You can download the installer for Video2X Qt6 from the releases page. The installer file's name is video2x-qt6-windows-amd64-installer.exe.

Download then double-click the installer to start the installation process. The installer will guide you through the installation process. You can choose the installation directory and whether to create a desktop shortcut during the installation.

After the installation is complete, you can start Video2X Qt6 by double-clicking the desktop shortcut.

Linux

Video2X packages are available for the Linux distros listed below. If you'd like to build it from source code, refer to the PKGBUILD file for a general overview of the required dependencies and commands. If a package is not available for your distro and you prefer not to compile the program from source code, consider using the container image.

Arch Linux

AUR packages, maintained by @K4YT3X.
Chinese Mainland: archlinuxcn packages, maintained by @Integral-Tech.

Other Distros

Users of other distros can download and use the AppImage from the releases page.

Running

Instructions for running and using this project.

Desktop

TODO.

Command Line

Instructions for running Video2X from the command line.

This page does not cover all the options available.
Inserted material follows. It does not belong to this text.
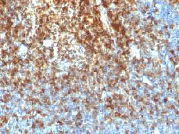 Figure 1: Formalin-fixed, paraffin-embedded human Tonsil stained with CD43 Rabbit Recombinant Monoclonal Antibody (SPN/1766R).
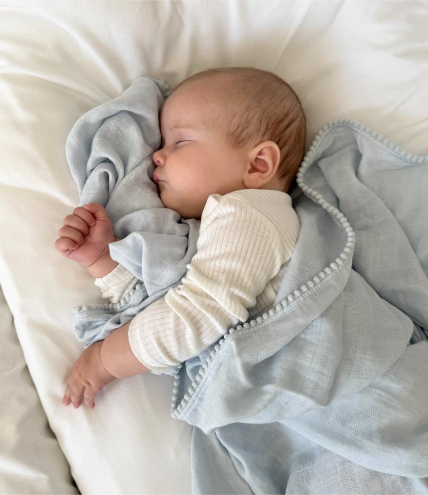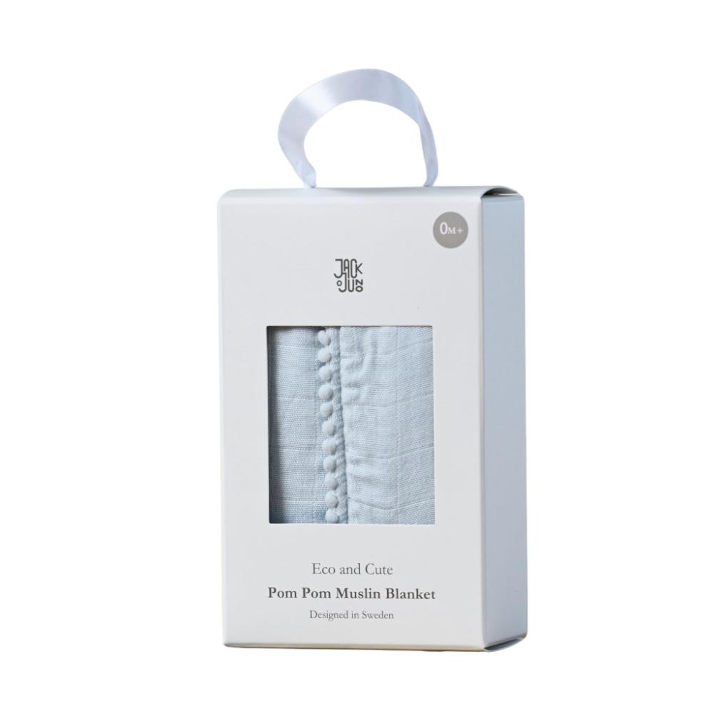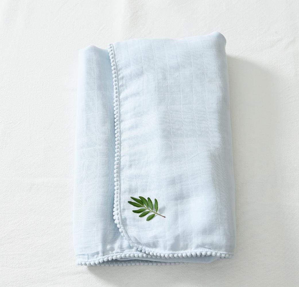 Jack o Juno Pom Pom Muslin Blanket – baby blue

For help with more options available, run Video2X with the --help argument.

Basics

Use the following command to upscale a video by 4x with RealESRGAN:

video2x -i input.mp4 -o output.mp4 -p realesrgan -s 4 --realesrgan-model realesr-animevideov3

Use the following command to upscale a video to with libplacebo + Anime4Kv4 Mode A+A:

video2x -i input.mp4 -o output.mp4 -w 3840 -h 2160 -p libplacebo --libplacebo-shader anime4k-v4-a+a

Advanced

It is possible to specify custom MPV-compatible GLSL shader files with the --libplacebo-shader argument:

video2x -i input.mp4 -o output.mp4 -p libplacebo -w 3840 -h 2160 --libplacebo-shader path/to/custom/shader.glsl

List the available GPUs with --list-gpus, -l:

$ video2x --list-gpus
0. NVIDIA RTX A6000
        Type: Discrete GPU
        Vulkan API Version: 1.3.289
        Driver Version: 565.228.64

Select which GPU to use with the --gpu, -g argument:

video2x -i input.mp4 -o output.mp4 -p realesrgan -s 4 --realesrgan-model realesr-animevideov3 -g 1

Specify arbitrary extra FFmpeg encoder options with the --extra-encoder-options, -e argument:

video2x -i input.mkv -o output.mkv -p realesrgan --realesrgan-model realesrgan-plus -s 4 -c libx264rgb -e crf=17 -e preset=veryslow -e tune=film

Encoder Options

Video2X uses FFmpeg's C libraries to encode videos. Encoder options are specified in two ways:

Common options shared by all encoders are stored in a AVCodecContext struct. Below are some options set through AVCodecContext:
- Codec
- Pixel format
- Bitrate
- Keyframe interval
- Minimum and maximum quantizer
- GOP size
Encoder-specific options are stored in AVOption structs and set with the av_opt_set function. Below are some encoder-specific options for libx264:
- CRF
- Preset
- Tune
- Profile

Common options can only be set through Video2X's command line arguments. You can run video2x --help and see the Encoder options section to see the supported options.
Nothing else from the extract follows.